Lin Hwai-min was born to an established household in Chiayi, Taiwan, the only child in his family who ‘didn’t get into National Taiwan University and so had to settle for the law department of Taiwan’s Chengchi University’. He had dreamt of a literati’s life infused with music, books and tea, but guided by his father’s spirit of altruism, he sailed from law through journalism, to literature, finally landing on dance, the reason for the entire latter part of his life.

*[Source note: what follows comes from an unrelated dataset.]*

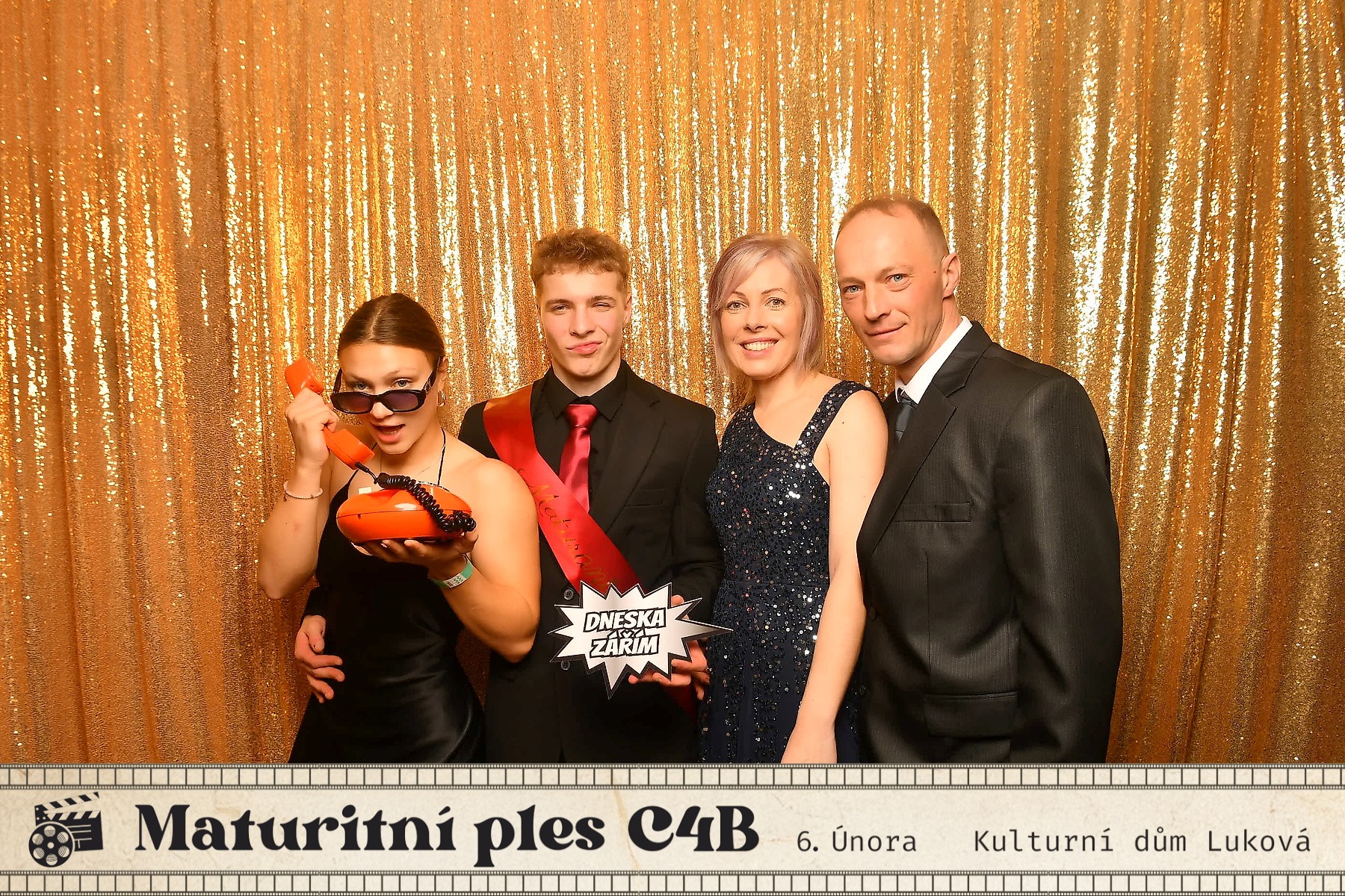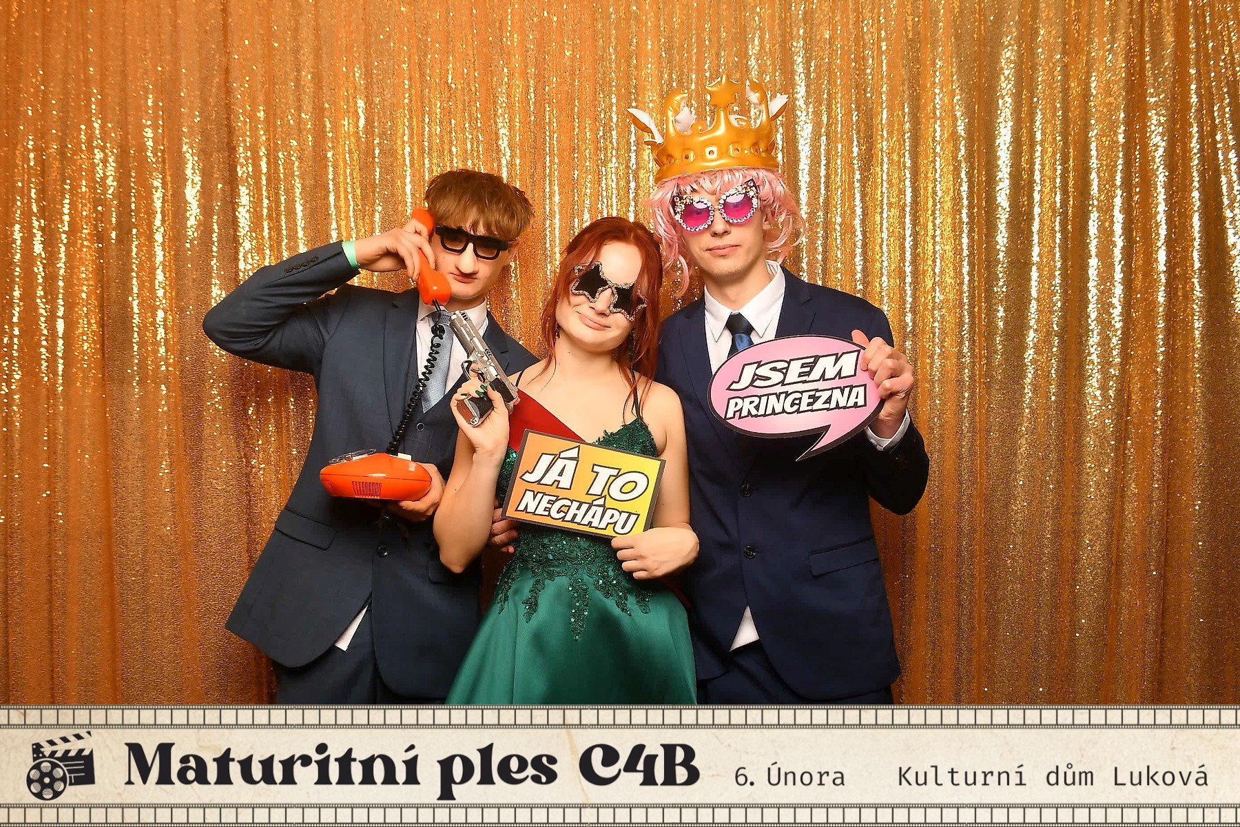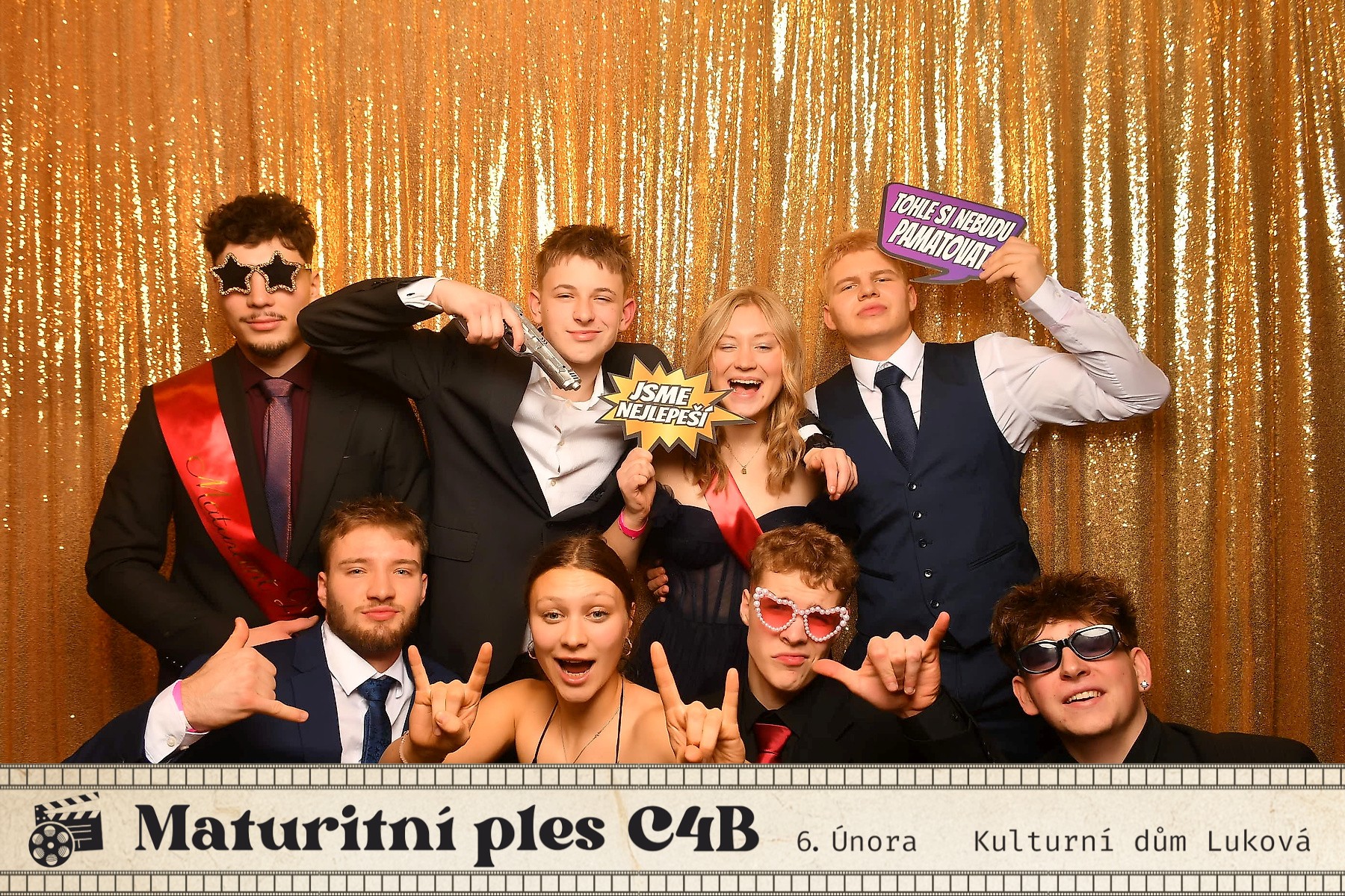V pátek 6. února 2026 jsme realizovali focení maturitního plesu pro Střední školu Ministerstva obrany. Součástí večera byl také fotokoutek se zlatým pozadím, který jsme zajistili speciálně pro maturitní třídu (četu).

‘Back in those days, there were predecessors you could watch and feel. But now these figures for emulation have been crowded out by commercial culture.’ Lin related the incidents that had influenced him as a young man: the Peace Corps set up by US President John 
F. Kennedy in 1961; the student movements in New York, Paris, Tokyo, etc., in 1968; the barefoot doctors who served in rural villages during the Cultural Revolution — they all showed the young that change was possible. In 1973, upon returning to Taiwan, he set up the first contemporary dance company in Chinese society. Named ‘Cloud Gate’ (yun men) after China’s most ancient dance, it strove to present dance choreographed by Chinese for Chinese. The status of dancers in Taiwan at the time was lowly, comparable to a beggar’s, and some even likened the company’s survival to that of flowers grown in cement.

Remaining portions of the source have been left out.